Originally opened as "Broom and Aston". Broome station was built by the Knighton Railway company on their branch line between and Knighton, opening with the line in 1861. In 1895 a wind engine was erected at the station for the London and North Western Railway by John Wallis Titt.

The line was double track and the station had two platforms until the 1960s, but the line was singled in 1965 and the station now has a single platform. The station buildings have since been demolished and replaced with a bus shelter structure.

==Facilities==
The station has no permanent buildings aside from a single timber waiting shelter, though it does have a CIS display and a timetable poster board. However, it has no public telephone or customer help point. Step-free access is provided via a steep gravel ramp and steel gate from the entrance and car park, which has been proven to be unsuitable for wheelchair users.

== Services ==
There are five trains per day in each direction from Monday to Saturday (plus an extra northbound service to Shrewsbury for commuters on Mondays to Fridays), and two services on Sundays.
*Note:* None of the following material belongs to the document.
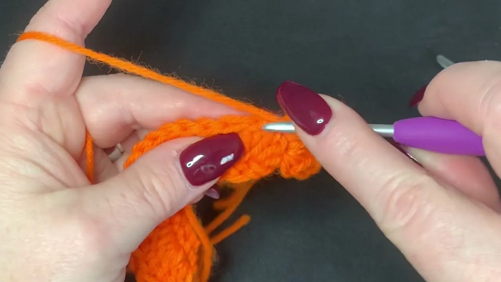 - Reattach orange yarn to one end and begin by chaining 1.
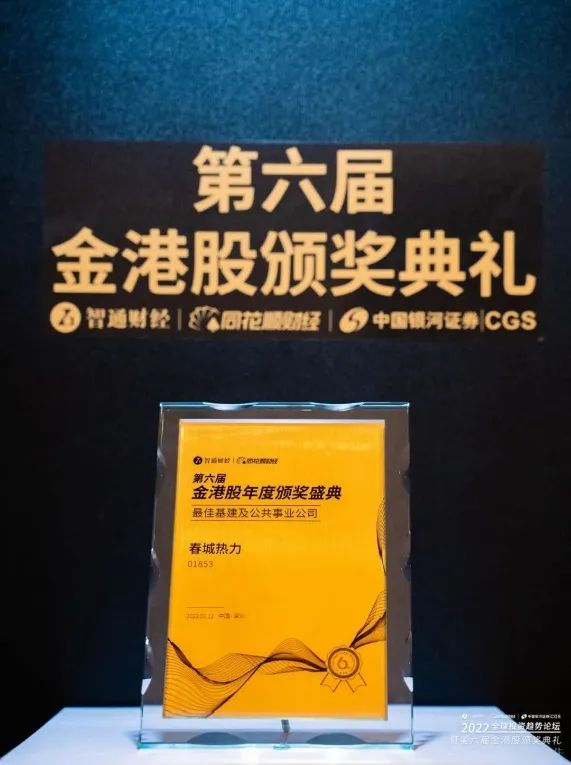 2.春城熱力:榮獲金港股“最佳基建及公共事業(yè)公司”大獎(jiǎng)

This is a request stop and passengers intending to board must make a clear signal to the driver, whilst alighting passengers must request the stop from the train guard.

| Preceding station | National Rail |  |  | Following station |
|---|---|---|---|---|
| Hopton Heath |  | Transport for Wales Heart of Wales Line |  | Craven Arms |

== See also ==
- Rail transport in Shropshire

==Bibliography==
- Body, G. (1983), PSL Field Guides - Railways of the Western Region, Patrick Stephens Ltd, Wellingborough, ISBN 0-85059-546-0
- Organ, John (2008). "Craven Arms to Llandeilo"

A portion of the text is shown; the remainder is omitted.